Monday, 4 January 2010

still fluey

God this flu lasts forever. Two reflections today i just realized that the nutters that wrote the very crappy computer programs for work would be eternally modifying and "improving " the programs so as well as learning it initially we would be always adjusting to them changing it and we would have no ability to say no to any upgrading they want to do as you can on home computers. We will have all the past records on it soon as it is it is taking up a lot of nursing time. There doesnt appear to be any nursing input into the system as they bought rubbishy add on programs like diet lists that just take too long to change compared to a rubber and a pencil.

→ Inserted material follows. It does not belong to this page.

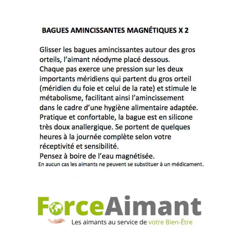 Les aimants positionnés sous le gros orteil, juste au niveau d’un point connu en acupuncture comme le point de départ de plusieurs méridiens. Le magnétisme des bagues amincissantes peut agir sur le stress, sur l’équilibre physique, sur la circulation sanguine, et sur l’énergie vitale. Elle occasionne par la suite la baisse de l’appétit, de façon normale et sûre.

Also one of the issues at work is the birthing unit runs on minimal staff so when they get busy they like to call on the ward for help, problem is when they get busy, we get busy so they really need to call in their own staff. One of the ward midwives said at the large prob best practice hosp she trained at, the MGP (midwifery group practice) on call would be called in to help. Now this is a truly awesome idea as it will cost them no more to do this, MGP are paid a negotiated salary and it would solve a lot of staffing issues but it will totally annoy MGP midwives who think they are the elite of the job. Evil laughter, maybe they will never do it but it will certainly p them off and the idea of it will give us nobodies on the ward a big laugh. We get very sick of them swaning through the ward visiting their ladies without doing a nursing thing for them. The problems of 2 different models of work shoved together, one of which gets the glory while the other is doing the work. Yeah yeah co-op understanding of others roles. Personally I think the hardest roles are dealing with nightmarish wards, trying to get a handle on what 28 more or less patients are up to then staff mix of experience or lack of it and dont even talk about trying to get hold of doctors. Its always easier one to one even if your busy. The only reason I can take wards is because of patient allocation, I can get a grip, mostly on 7 mothers and 7 babies through a couple dont get much attention, and because I almost never get put in-charge. They suspect, rightly I might not turn up! I dont help other people anymore unless I can count on them to return the favour and I dont worry about what other people are up to, unless life theatening.